*How to complete this task:* The listing below should be written out word for word, with its pictures removed.

*Data segment:*
--- START ---

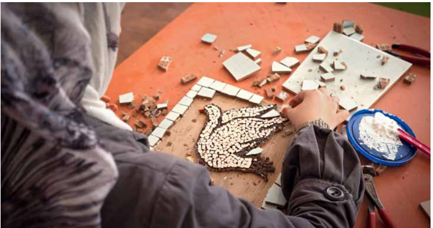
A worker in UN Women's mosaic workshop in Zaatari camp.
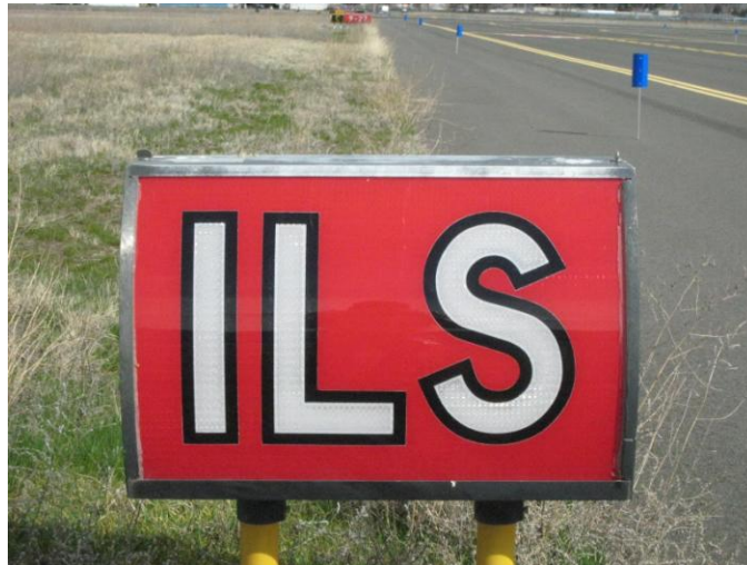
ILS Hold Sign

Instrument Landing System (ILS) Holding Position Signs have white letters on a red background with a white border . These signs tell pilots and vehicle operators where to stop to avoid interrupting a type of navigational signal used by landing aircraft. This is a critical area, and a vehicle/equipment operator must remain clear of it. If a vehicle proceeds past this ILS marking, it may cause a false signal to be transmitted to the landing aircraft. This sign is adjacent to the ILS Hold Position Marking on Taxiway C.

--- END ---

*Exercise output:*
A worker in UN Women's mosaic workshop in Zaatari camp.
ILS Hold Sign

Instrument Landing System (ILS) Holding Position Signs have white letters on a red background with a white border . These signs tell pilots and vehicle operators where to stop to avoid interrupting a type of navigational signal used by landing aircraft. This is a critical area, and a vehicle/equipment operator must remain clear of it. If a vehicle proceeds past this ILS marking, it may cause a false signal to be transmitted to the landing aircraft. This sign is adjacent to the ILS Hold Position Marking on Taxiway C.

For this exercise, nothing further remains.